### ASSIGNMENT
Although the entries contain pictures, your copy should hold only their exact text.
Segment Start: DATA SECTION
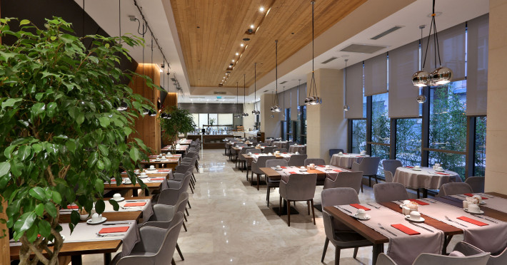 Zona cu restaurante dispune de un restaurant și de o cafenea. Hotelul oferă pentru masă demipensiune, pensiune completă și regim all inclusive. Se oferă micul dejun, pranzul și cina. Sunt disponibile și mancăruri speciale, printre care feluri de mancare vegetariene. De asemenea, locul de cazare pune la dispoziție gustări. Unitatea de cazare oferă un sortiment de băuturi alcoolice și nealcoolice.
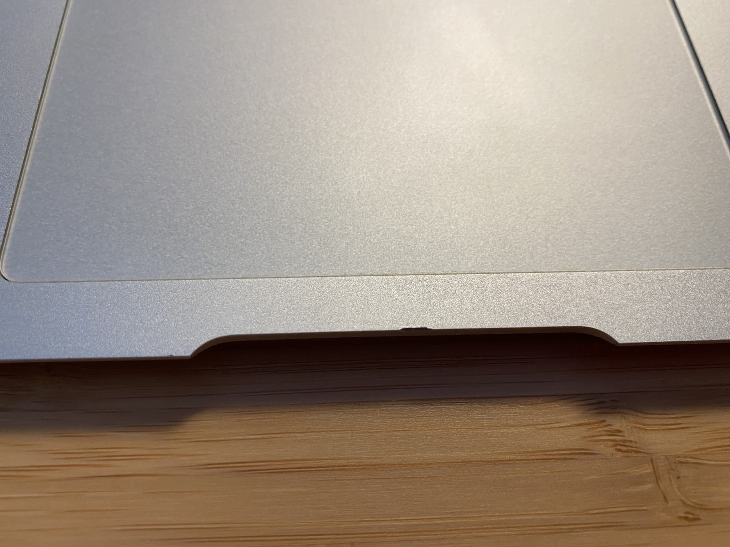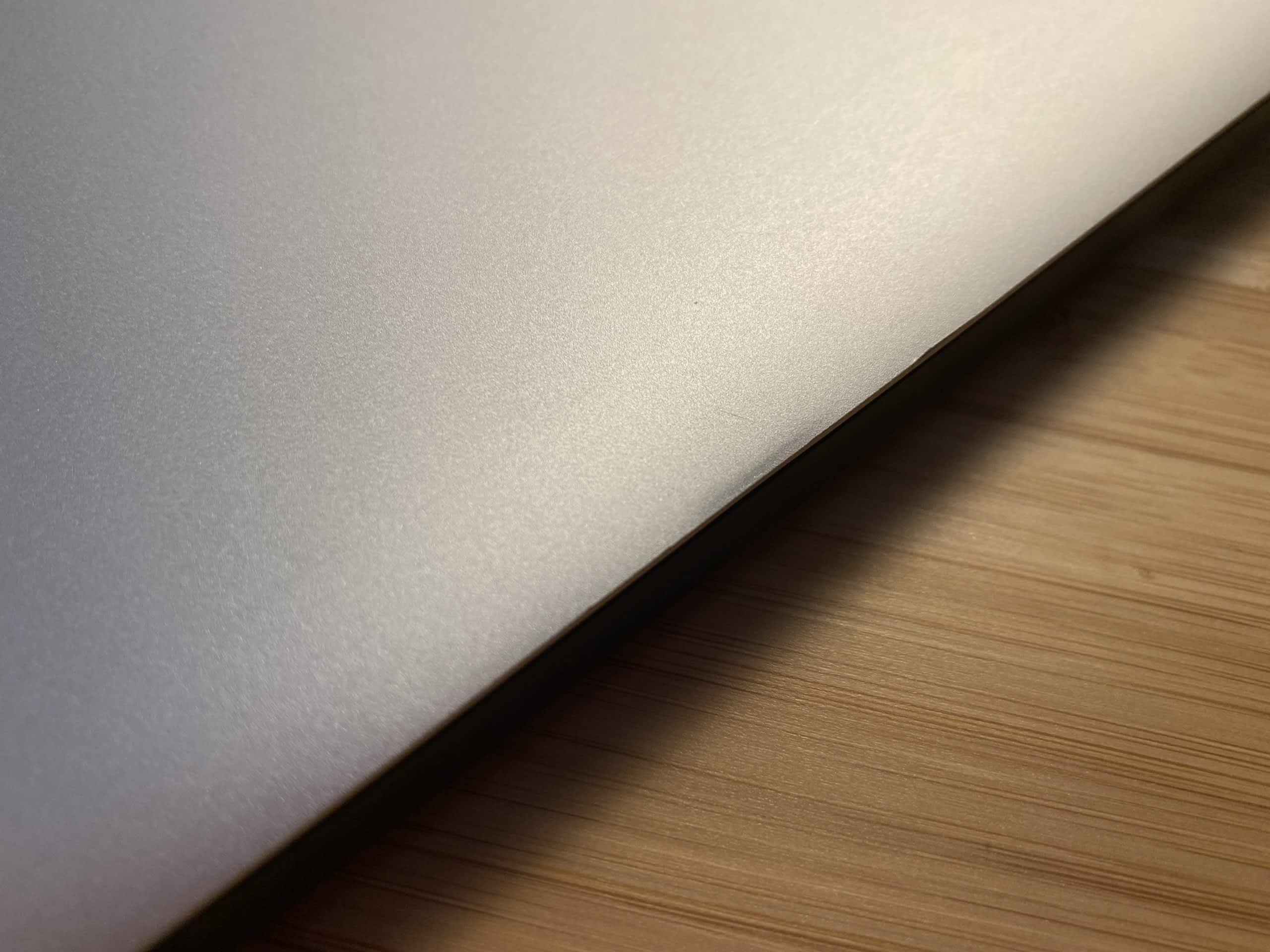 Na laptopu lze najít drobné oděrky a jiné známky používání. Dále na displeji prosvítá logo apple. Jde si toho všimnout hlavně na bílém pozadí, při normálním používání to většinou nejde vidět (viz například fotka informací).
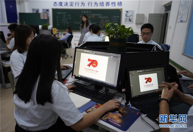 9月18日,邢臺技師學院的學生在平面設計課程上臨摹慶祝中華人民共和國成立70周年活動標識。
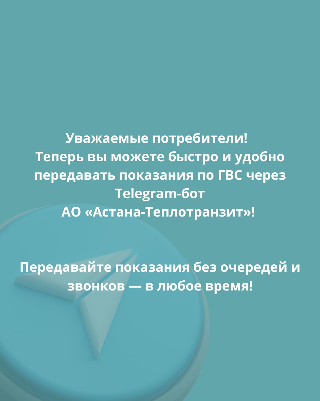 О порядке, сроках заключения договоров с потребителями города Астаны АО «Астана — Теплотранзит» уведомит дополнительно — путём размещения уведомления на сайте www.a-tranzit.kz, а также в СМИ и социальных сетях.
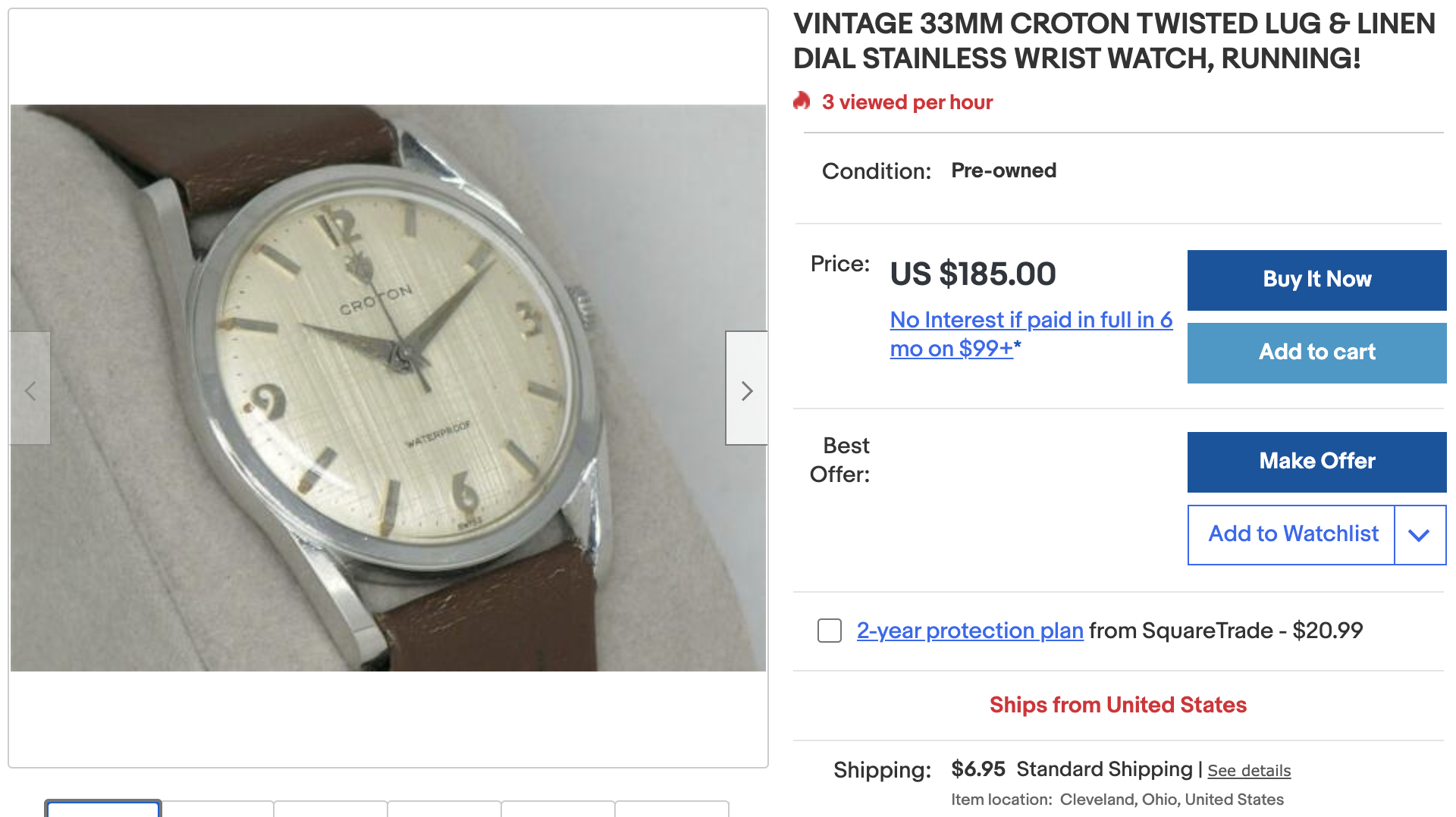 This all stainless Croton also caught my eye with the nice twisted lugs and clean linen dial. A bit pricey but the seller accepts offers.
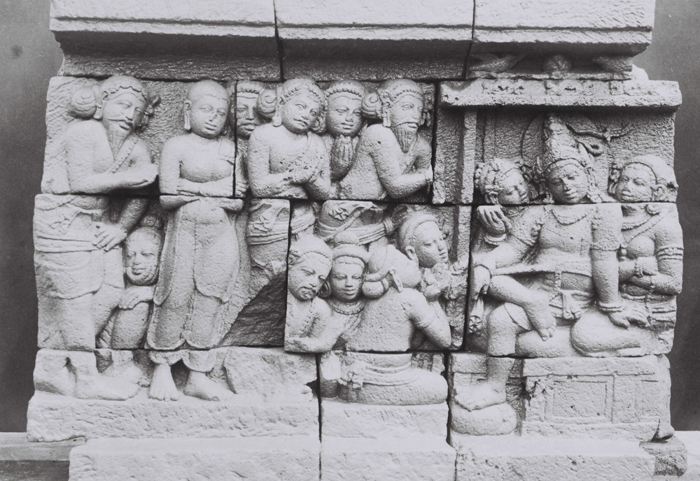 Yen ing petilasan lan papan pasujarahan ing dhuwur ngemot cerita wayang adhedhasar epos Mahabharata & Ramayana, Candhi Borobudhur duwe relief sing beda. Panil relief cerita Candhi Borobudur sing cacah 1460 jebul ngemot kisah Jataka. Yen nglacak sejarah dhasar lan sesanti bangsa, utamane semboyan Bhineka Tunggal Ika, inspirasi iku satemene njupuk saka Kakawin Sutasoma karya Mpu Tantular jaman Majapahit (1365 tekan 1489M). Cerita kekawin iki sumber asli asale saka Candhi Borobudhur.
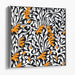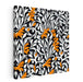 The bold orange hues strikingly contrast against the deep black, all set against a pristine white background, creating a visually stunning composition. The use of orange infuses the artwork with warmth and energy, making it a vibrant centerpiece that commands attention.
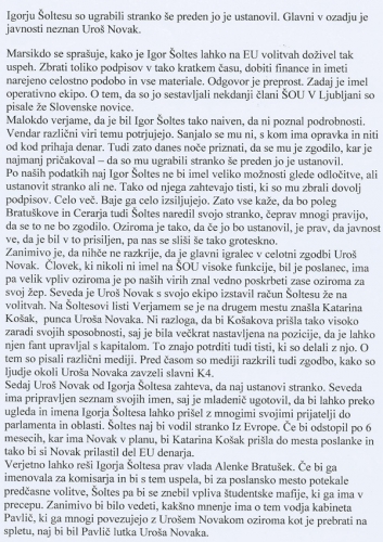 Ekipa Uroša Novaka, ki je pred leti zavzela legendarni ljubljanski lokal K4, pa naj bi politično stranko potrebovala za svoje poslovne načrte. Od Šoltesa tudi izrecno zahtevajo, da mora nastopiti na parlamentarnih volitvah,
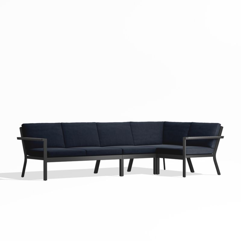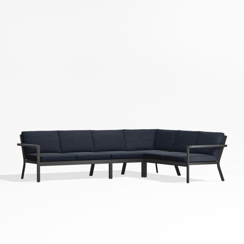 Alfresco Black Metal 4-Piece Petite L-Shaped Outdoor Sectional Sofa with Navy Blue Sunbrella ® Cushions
Segment End: DATA SECTION
### EXERCISE OUTPUT
 Zona cu restaurante dispune de un restaurant și de o cafenea. Hotelul oferă pentru masă demipensiune, pensiune completă și regim all inclusive. Se oferă micul dejun, pranzul și cina. Sunt disponibile și mancăruri speciale, printre care feluri de mancare vegetariene. De asemenea, locul de cazare pune la dispoziție gustări. Unitatea de cazare oferă un sortiment de băuturi alcoolice și nealcoolice.
 Na laptopu lze najít drobné oděrky a jiné známky používání. Dále na displeji prosvítá logo apple. Jde si toho všimnout hlavně na bílém pozadí, při normálním používání to většinou nejde vidět (viz například fotka informací).
 9月18日,邢臺技師學院的學生在平面設計課程上臨摹慶祝中華人民共和國成立70周年活動標識。
 О порядке, сроках заключения договоров с потребителями города Астаны АО «Астана — Теплотранзит» уведомит дополнительно — путём размещения уведомления на сайте www.a-tranzit.kz, а также в СМИ и социальных сетях.
 This all stainless Croton also caught my eye with the nice twisted lugs and clean linen dial. A bit pricey but the seller accepts offers.
 Yen ing petilasan lan papan pasujarahan ing dhuwur ngemot cerita wayang adhedhasar epos Mahabharata & Ramayana, Candhi Borobudhur duwe relief sing beda. Panil relief cerita Candhi Borobudur sing cacah 1460 jebul ngemot kisah Jataka. Yen nglacak sejarah dhasar lan sesanti bangsa, utamane semboyan Bhineka Tunggal Ika, inspirasi iku satemene njupuk saka Kakawin Sutasoma karya Mpu Tantular jaman Majapahit (1365 tekan 1489M). Cerita kekawin iki sumber asli asale saka Candhi Borobudhur.
 The bold orange hues strikingly contrast against the deep black, all set against a pristine white background, creating a visually stunning composition. The use of orange infuses the artwork with warmth and energy, making it a vibrant centerpiece that commands attention.
 Ekipa Uroša Novaka, ki je pred leti zavzela legendarni ljubljanski lokal K4, pa naj bi politično stranko potrebovala za svoje poslovne načrte. Od Šoltesa tudi izrecno zahtevajo, da mora nastopiti na parlamentarnih volitvah,
 Alfresco Black Metal 4-Piece Petite L-Shaped Outdoor Sectional Sofa with Navy Blue Sunbrella ® Cushions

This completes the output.